The description of Miller’s rise to prominence in the world of mathematics is one of those Horatio Alger stories with which American intellectual history of the late nineteenth century is studded. He was the son of Nathan and Mary Sittler Miller and a descendant of one Christian Miller who had emigrated from Switzerland around 1720. Unable to continue his education without self-support, he began to teach school at the age of seventeen. He studied at Franklin and Marshall Academy in Lancaster during 1882–1883, then enrolled at Muhlenberg College, where he received the baccalaureate with honorable mention in 1887, the master of arts in 1890, and an honorary doctor of letters in 1936. Miller served as principal of the schools in Greeley, Kansas, during the year 1887–1888 and as professor of mathematics at Eureka College (Illinois) from 1888 to 1893. Cumberland University in Lebanon, Tennessee, granted him a doctorate in 1892; it was then possible to do course work by correspondence, and examinations in advanced courses were an acceptable substitute for thesis requirements. Miller was offering the same courses toward a doctorate to his students at Eureka. He spent the summers of 1889 and 1890 at the Johns Hopkins University and the University of Michigan but probably did not come under Frank Nelson Cole’s influence until 1893, when he became an instructor at Michigan for three years and lived in Cole’s home during the first two years of that period. It was Cole who inspired him to pursue the research in group theory that was to engage his talents for the rest of his life. Cole, incidentally, had been a pupil of Felix Klein, who had made groups basic in his “Erlanger Programm.”

Miller spent the years 1895–1897 in Europe, attending the lectures of Sophus Lie at Leipzig and Camille Jordan in Paris. He soon was publishing papers independent of their specializations, although Lie had become instrumental in Miller’s study of commutators and commutator subgroups and Jordan’s interest in questions of primitivity and imprimitivity was reflected in Miller’s investigations of those problems throughout his career.

Upon Miller’s return to the United States, his European experience and mathematical productivity gained him an assistant professorship at Cornell (1897–1901). This was followed by an associate professorship at Stanford University (1901–1906), and in 1906 an appointment at the University of Illinois, an affiliation that lasted for the rest of his life—first as associate professor, then as professor, and finally as professor emeritus. His retirement in 1931 was from classroom responsibilities only, for he continued his research and writing in his office at the university. The university undertook, as “a fitting memorial of his contributions to mathematical scholarship and to the renown of the University,” the collection and reprinting of Miller’s studies in the theory of finite groups as well as other studies. It is said that of the more than 800 titles that appeared in some twenty periodicals over forty years approximately 400 made direct scientific contributions to that theory. Other papers were written in the hope that teachers of elementary and secondary mathematics might be inspired to study advanced mathematics. Miller himself aided in the preparation of these memorial volumes.

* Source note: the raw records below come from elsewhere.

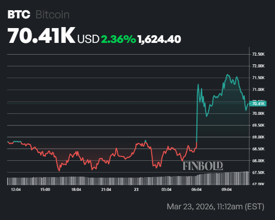 The significant cash outflow from BlackRock’s IBIT and ETHA coincided with a sudden market rebound today. Bitcoin price gained over 2.36% during the past 24 hours to trade at around $70,410 at the time of this publication.
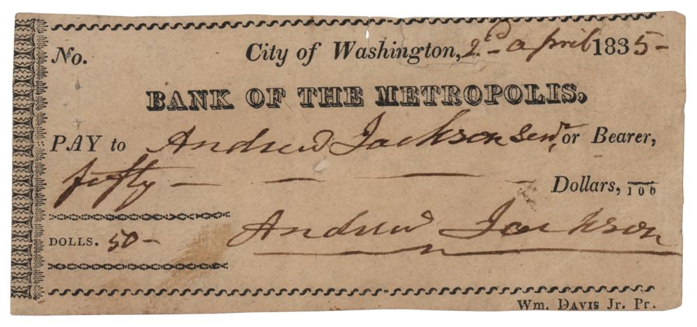 Very rare Bank of the Metropolis check, 4.75 x 2, filled out and signed by Andrew Jackson as president, made payable to "Andrew Jackson, Gen'l" for $50, April 2, 1835. In fine condition. Given the unusual addition of his military rank, this check is ostensibly pension money owed to Jackson for his service in the United States Army.
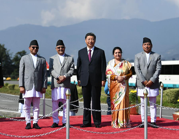 10月12日,國(guó)家主席習(xí)近平乘專機(jī)抵達(dá)加德滿都,開始對(duì)尼泊爾進(jìn)行國(guó)事訪問(wèn)。尼泊爾總統(tǒng)班達(dá)里在機(jī)場(chǎng)為習(xí)近平舉行具有濃郁尼泊爾民族特色的歡迎儀式。新華社記者高潔攝
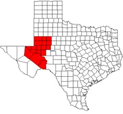 ![]() Map of Texas highlighting counties served by the Permian Basin Regional Planning Commission | |
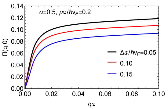 In Figure 2, we present the static polarization function at zero temperature for various mass term parameters . The hopping ratio is fixed at , and the chemical potential is set at . These results show that, as the value of the mass term is increased, the static polarization is decreased. This dependence allows for the tunability of static charge screening by gapped – materials, as well as image states, which may be probed by photoemission experiments.
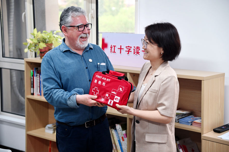 在新柳溪社区红十字博爱家园,代表团参观考察了红十字心灵驿站、红十字书屋、应急救护培训教室等功能区域,了解了社区急救物资配备、志愿服务开展等情况。期间,区红十字会常务副会长宋莲向智利红十字会会长拉斐尔·门德斯·梅拉赠送了一份急救包。
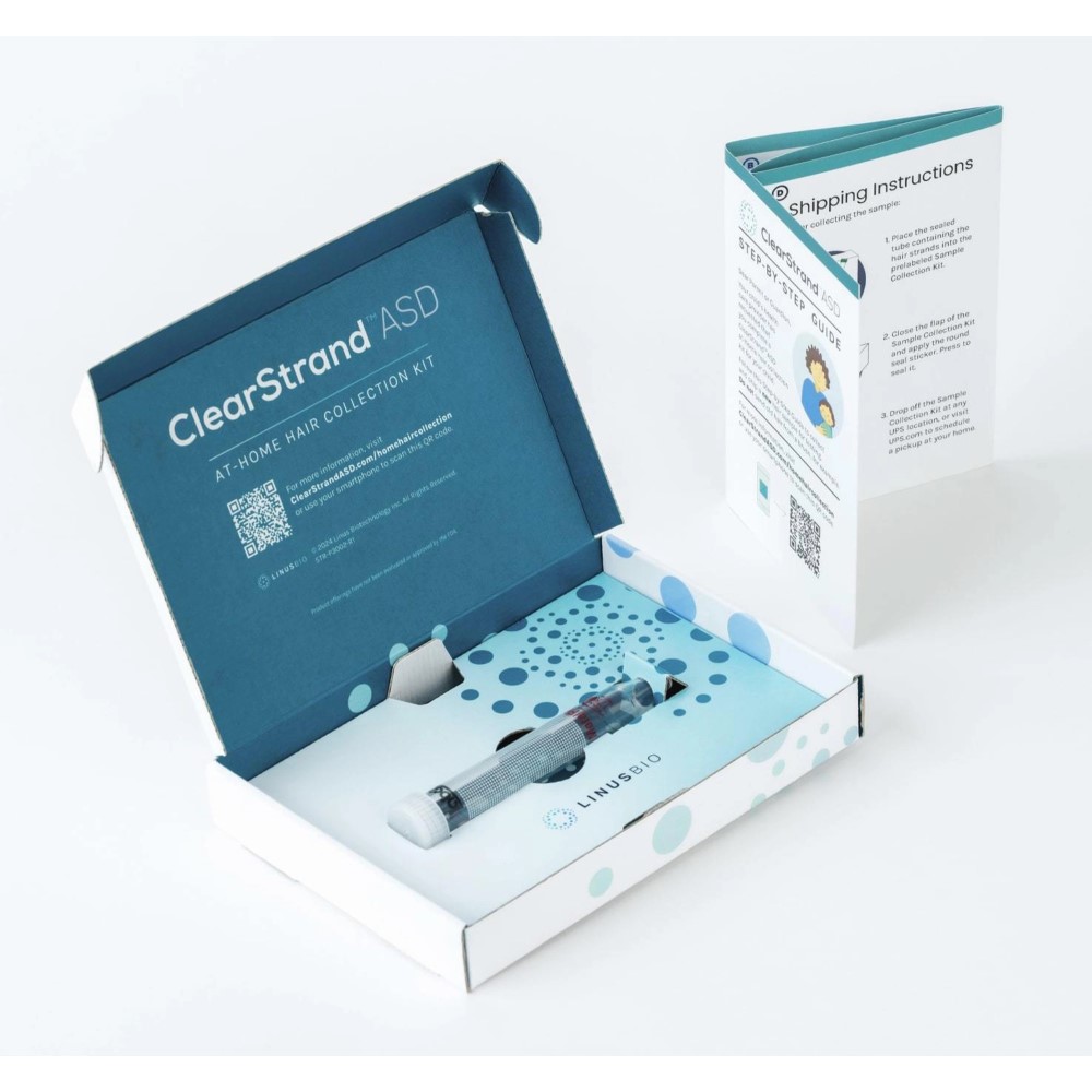 ClearStrand-ASD must be ordered by a licensed health care provider. LinusBio enables caregivers to request the test from home through an independent telehealth provider. The test is intended for infants and toddlers who are at an elevated risk of autism, such as those who were born preterm, who have a sibling with autism, or who have demonstrated characteristics associated with autism. If the test does not detect the biomarker, it is unlikely the child has autism. If the test does find the biomarker, the child may need further professional evaluation. ClearStrand-ASD is available in 44 states (excluding CA, HI, MD, NY, RI, PA, and DC).
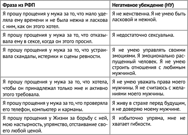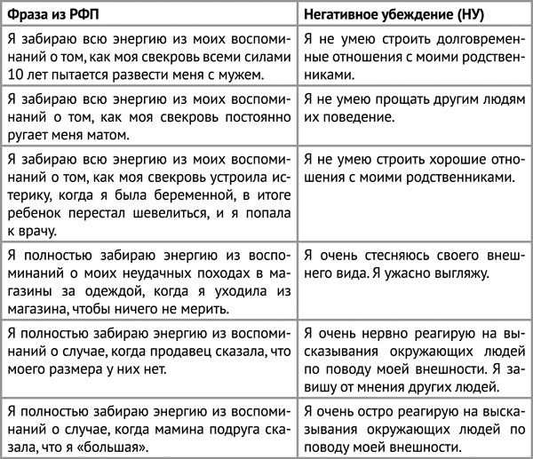 Почти из каждой фразы РФП вы можете «вытащить» какое-то убеждение, которое породило ваши переживания.
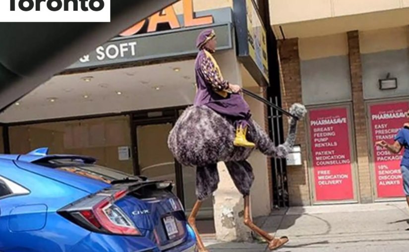 據BlogTO報道,多倫多熱門娛樂賬號6ixBuzzTV星期六在Facebook上發佈了一則視頻,視頻中一名男子在多倫多Weston Road人行道上騎著一隻大鴕鳥遊街,引得眾人側目。
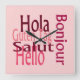 Diga olá em cinco idiomas com um relógio rosa na parede. Este relógio vai adicionar uma bela cor à sua parede, é perfeito para decorações de salas para raparigas.
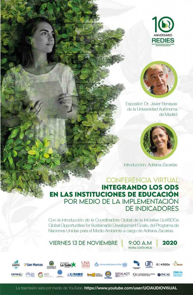 “Este año y con motivo del 10° aniversario de REDIES, realizaremos la conferencia virtual ‘Integrando ODS en las instituciones de educación superior’, que pretende ofrecer alternativas de la incorporación de los Objetivos del Desarrollo Sostenible (ODS) por medio de indicadores para monitorear su implementación en las instituciones de educación superior. Adicionalmente, promoveremos las herramientas que ha dispuesto el programa Go4SDGs de la ONU Ambiente dirigidos a redes de jóvenes y universidades en un esfuerzo por incorporar los variables ambientales a las áreas sustantivas de las universidades y organizaciones”, indicó Arguedas.
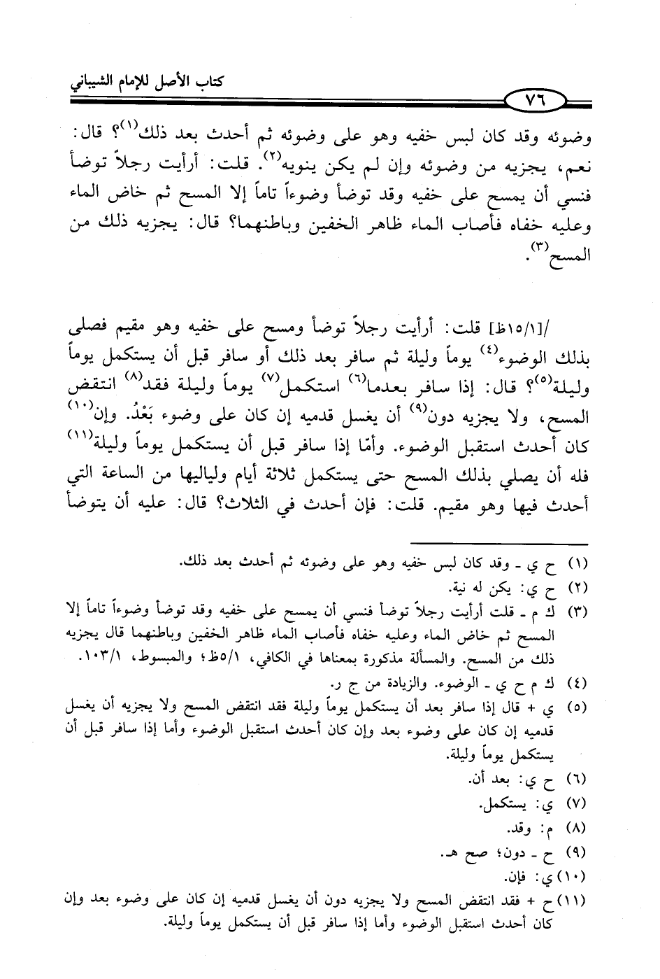 (¬11) ح + فقد انتقض المسح ولا يجزيه دون أن يغسل قدميه إن كان على وضوء بعد وإن كان أحدث استقبل الوضوء وأما إذا سافر قبل أن يستكمل يوماً وليلة.
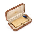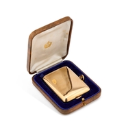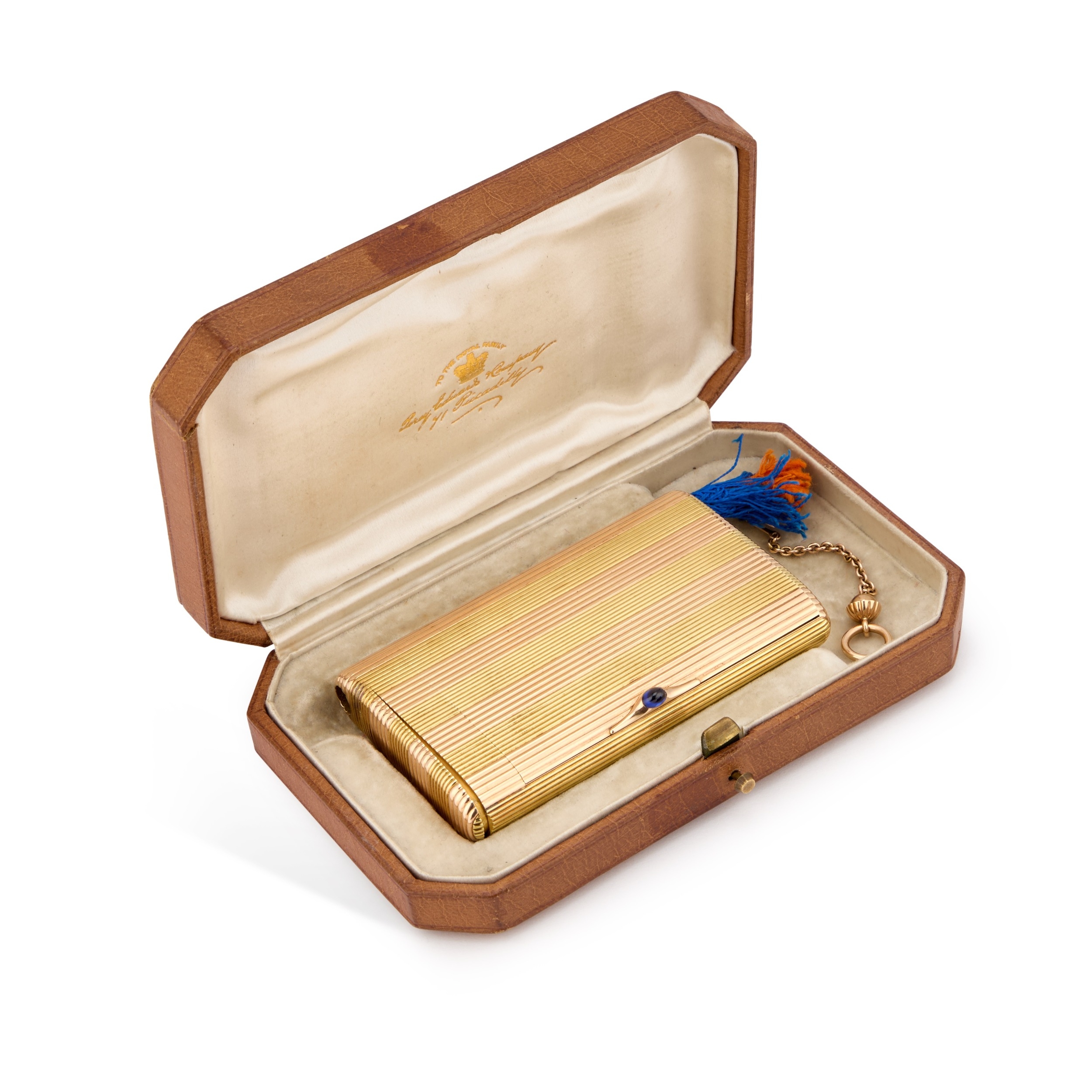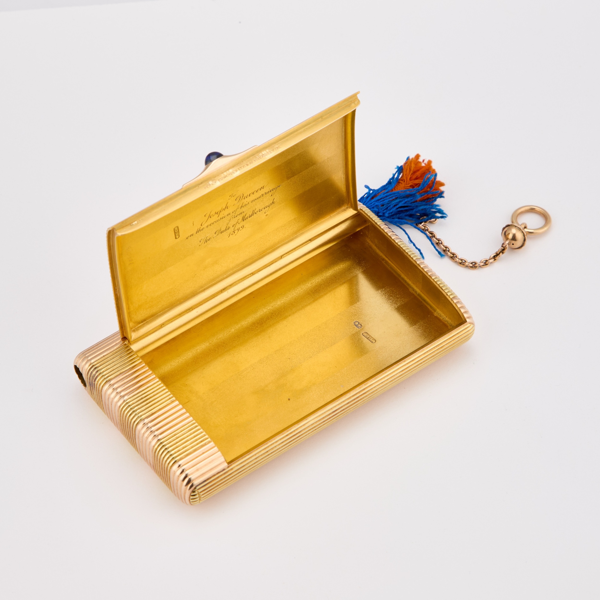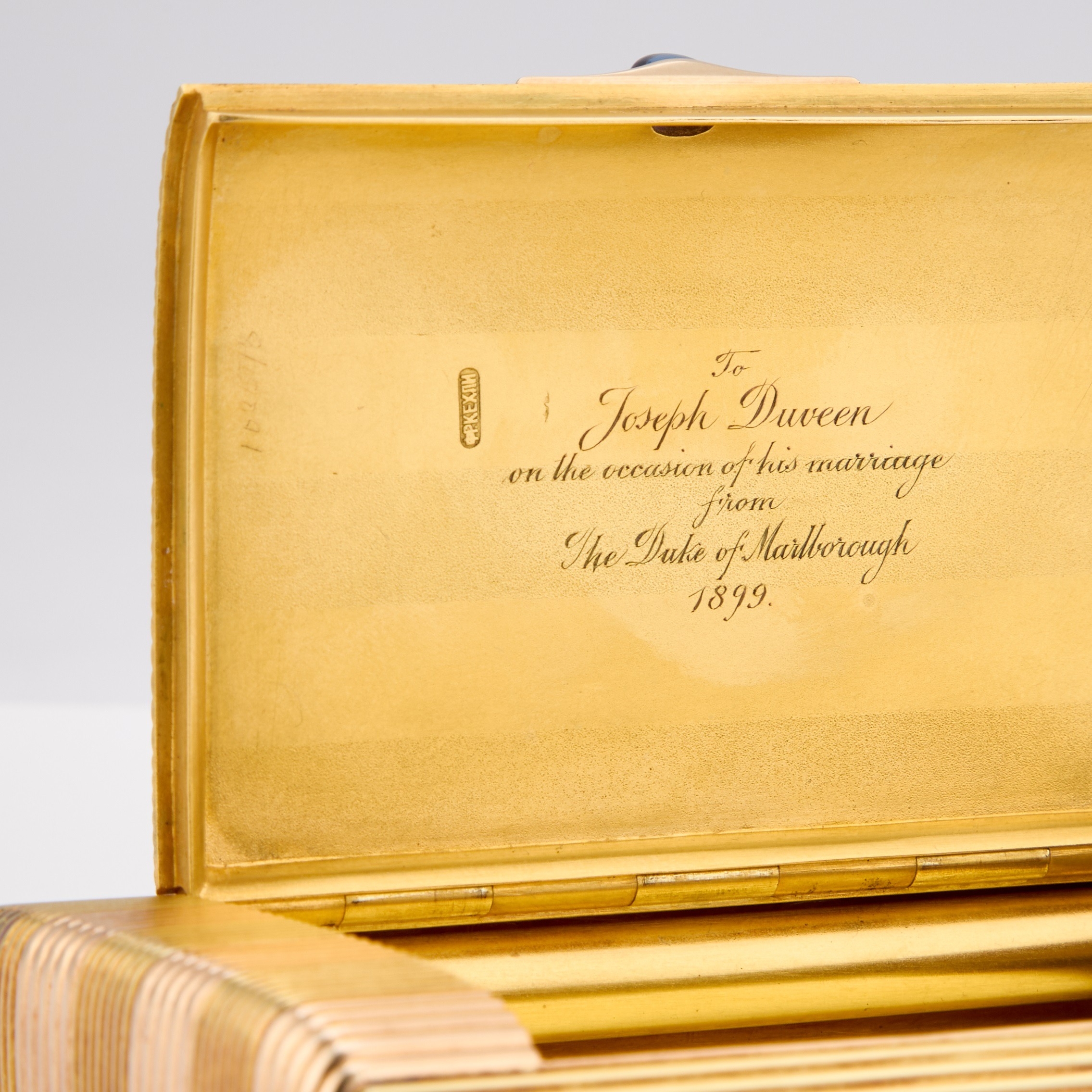 of rectangular oval-section with a hinged vesta to one end, the exterior reeded, the cover with an oval cabochon set thumbpiece, the underside of the cover inscribed To Joseph Duveen on the occasion of his marriage from The Duke of Marlborough 1899, St. Petersburg, combined city and 56 standard mark, in the original Percy Edwards retailer's box. 9.7cm long, 5.7cm wide, 161 grams gross

This was not the only legacy that Miller left to the University of Illinois. To the great surprise of the colleagues who knew him well, the university found itself after his death the beneficiary of a bequest valued at just under one million dollars, the accumulation of judicious investments. His wife, the former Cassandra Boggs of Urbana, had predeceased him in 1949 and there were no children.

Miller’s interest in the history of mathematics was second only to that in the theory of finite groups. His articles on the history of his own subject were of particular significance and value. He became a severe critic of historical methodology in mathematics and was zealous in rooting out error in conjecture or assumed fact. His letters in the David Eugene Smith collection at Columbia University offer ample evidence of this missionary fervor. His “History of Elementary Mathematics” remained unpublished, although there was originally the intention to include it in a volume of the Collected Papers.

Miller was elected to the National Academy of Sciences in 1921 and was a fellow of the American Academy of Arts and Sciences. In 1900, for his work in group theory, the Academy of Sciences of Craco awarded him a prize that had not been given for fourteen years. This is said to have been the Academy’s first award to an American for work in pure mathematics. He was a member of the London Mathematical Society, the Société Mathématique de France, and the Deutsche Mathematiker-Vereinigung, an honorary life member of the Indian Mathematical Society, and a corresponding member of the Real Sociedad Matemática Española. He was an active member and served in various high offices of the American Mathematical Society and the Mathematical Association of America, serving also as an editor of the latter’s American Mathematical Monthly (1909–1915).

BIBLIOGRAPHY

I. Original Works. Miller’s writings were brought together in The Collected Works of George Abram Miller, 5 vols. (Urbana, III., 1935–1959). Two of his books are Determinants (1892) and Historical Introduction to Mathematical Literature (New York, 1916). A more detailed bibliography is in Poggendorff, IV, 1013; V, 855–857; and VI, 1737–1738. Theory and Application of Finite Groups (New York, 1916; repr. 1961) was written in collaboration with H. F. Blichfeldt and L. E. Dickson.

II. Secondary Literature. See H. R. Brahana, “George Abram Miller (1863–1951),” in Biographical Memoirs. National Academy of Sciences, 30 (1957), 257–312, with a complete bibliography of Miller’s writings (1892–1947) on 277–312. E. T. Bell makes occasional reference to Miller’s work in “Fifty Years of Algebra in America, 1888–1938,” in American Mathematical Society Semicentennial Publications, II, as does Florian Cajori in his History of Mathematics. See also J. W. A. Young, Monographs on Topics of Modern Mathematics Relevant to the Elementary Field (New York, 1911, 1915, 1927; repr. 1955); American Men of Science (New York, 1906), 219–220; and National Cyclopedia of American Biography, XVI (New York, 1918), 388.